Wow, the veg looks a lot better man. Great job!
Yeh, ok two mountains coming right up! ...for the print.
Hi Sigurd, I should have included Wilbur and L3DT so here's a revision, roughly in order I used them. Wilbur was used to respan the .ter heightfield. L3DT to respan the .hfz. I'll probably end up using GeoControl as well at some point, but I haven't thus far.
Photoshop
Wintopo Pro
Global Mapper
Leveller
Wilbur
World Machine
L3DT
GTS
It's a long story and I cannot lie, this map certainly falls outside the month timescale for this competition haha...! This has taken a LONG time, and we're only just beginning. but more of that elsewhere. You can check out here:
http://www.cartographersguild.com/sh...6276#post46276
http://www.me-dem.org/index.php?opti...oard&Itemid=43
I'm speaking more for the ME-DEM project here long term, rather than the competition entry. The things about this map is that it's built on terrain. We figured that without terrain we couldn't achieve the things that we wanted to; well it is called the Middle Earth DEM project after all. We decided that once you have terrain, you have the most fundamental requirement of a map, terrain; z data. Any manner of map can then be produced from the terrain as basis.

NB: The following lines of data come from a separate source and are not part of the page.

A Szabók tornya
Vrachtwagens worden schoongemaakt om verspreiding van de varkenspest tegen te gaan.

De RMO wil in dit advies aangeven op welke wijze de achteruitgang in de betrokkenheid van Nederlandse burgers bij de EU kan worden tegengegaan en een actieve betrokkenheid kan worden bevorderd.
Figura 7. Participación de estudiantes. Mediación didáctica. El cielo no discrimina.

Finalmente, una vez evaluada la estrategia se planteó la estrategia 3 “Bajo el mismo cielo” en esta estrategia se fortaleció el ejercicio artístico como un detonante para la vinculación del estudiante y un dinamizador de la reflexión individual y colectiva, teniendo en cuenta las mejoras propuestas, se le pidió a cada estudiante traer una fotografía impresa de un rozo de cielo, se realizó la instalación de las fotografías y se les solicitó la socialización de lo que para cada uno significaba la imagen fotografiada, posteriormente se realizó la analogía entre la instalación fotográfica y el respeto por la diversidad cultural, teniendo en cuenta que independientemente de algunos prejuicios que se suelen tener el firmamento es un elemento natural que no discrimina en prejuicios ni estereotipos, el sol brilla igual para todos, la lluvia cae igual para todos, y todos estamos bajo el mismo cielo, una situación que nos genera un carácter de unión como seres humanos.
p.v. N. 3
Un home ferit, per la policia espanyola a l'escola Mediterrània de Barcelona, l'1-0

The difference with this terrain is that we set out from the outset to try and make a hydrolically sound elevation model. That is, if we dropped water on the terrain model in say a physics sim such as GTS, the water would flow along the courses in the topographic map refs we used. That's a tough call. Films and games don't require this. I think we were considered a little nuts to be honest. We're still not entirely sure how successful we've been, but I think with a little more work we'll have exactly what we set out to do frankly. For most people, the appeal of terrain is for still renders and gameplay. We're in it for the terrain's sake and the maps.
PS was used to stitch the original topographic map sources together from role playing material (Iron Crown Enterprises). It was one at 23K x 23K. That was scaled to 20K. 1 pixel = 200m.

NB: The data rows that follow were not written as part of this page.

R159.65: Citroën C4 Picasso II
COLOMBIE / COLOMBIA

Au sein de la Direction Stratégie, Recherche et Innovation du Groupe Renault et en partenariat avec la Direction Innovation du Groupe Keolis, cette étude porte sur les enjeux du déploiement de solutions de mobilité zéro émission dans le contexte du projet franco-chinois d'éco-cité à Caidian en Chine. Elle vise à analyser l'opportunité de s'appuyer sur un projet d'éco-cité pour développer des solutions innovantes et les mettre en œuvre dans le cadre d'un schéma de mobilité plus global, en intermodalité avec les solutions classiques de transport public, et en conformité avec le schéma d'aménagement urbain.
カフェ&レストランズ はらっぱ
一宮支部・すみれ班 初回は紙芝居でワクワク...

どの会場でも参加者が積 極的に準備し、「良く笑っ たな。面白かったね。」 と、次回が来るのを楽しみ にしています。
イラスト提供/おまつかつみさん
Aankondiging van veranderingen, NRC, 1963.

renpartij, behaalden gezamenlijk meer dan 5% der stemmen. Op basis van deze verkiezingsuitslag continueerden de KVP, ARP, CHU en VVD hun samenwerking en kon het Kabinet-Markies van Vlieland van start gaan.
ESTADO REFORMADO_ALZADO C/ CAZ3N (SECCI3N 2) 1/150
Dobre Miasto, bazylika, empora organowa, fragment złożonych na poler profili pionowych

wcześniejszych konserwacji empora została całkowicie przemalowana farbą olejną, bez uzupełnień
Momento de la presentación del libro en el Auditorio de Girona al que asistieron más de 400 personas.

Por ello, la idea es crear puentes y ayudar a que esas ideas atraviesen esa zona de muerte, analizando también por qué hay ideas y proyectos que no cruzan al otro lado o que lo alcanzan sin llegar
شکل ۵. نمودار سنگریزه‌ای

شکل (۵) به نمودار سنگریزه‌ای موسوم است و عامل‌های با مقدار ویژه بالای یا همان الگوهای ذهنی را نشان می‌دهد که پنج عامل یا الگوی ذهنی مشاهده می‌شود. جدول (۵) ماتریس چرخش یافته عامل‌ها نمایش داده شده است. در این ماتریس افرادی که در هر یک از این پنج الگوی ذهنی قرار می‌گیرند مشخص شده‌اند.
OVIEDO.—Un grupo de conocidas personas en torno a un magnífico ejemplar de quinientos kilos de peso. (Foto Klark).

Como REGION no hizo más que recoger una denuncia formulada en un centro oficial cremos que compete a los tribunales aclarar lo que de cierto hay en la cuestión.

The problem with Photoshop (back then, and practically speaking now) is that you only have 8 bit greyscales; 256 discrete levels of height data. Yes we now have 16 bit but working with those is kinda hard on the eyes. You just can't distinguish between those shades of grey. You can try indexed colour schemes but that starts getting silly imo. I knew that one could
interpolate/ grid a triangulated mesh from vector contours in Wintopo (and other places). So I decided to draw contours. This way I could pretty much ensure that the rivers would flow in the final triangulated terrain model more or less accurately. At these scales (back when I approached this stage of the project) there ws really no other way of doing this HUGe map. PS has some pretty nifty mem management. In Wintopo you have one touch vectorisation of raster contour lines done in PS. Then you have the task of assigning z values (height) to the 3D vectors. If you draw contours of equal height spacing, then that's a synch, but I could not do that for reasons I'll not go in to.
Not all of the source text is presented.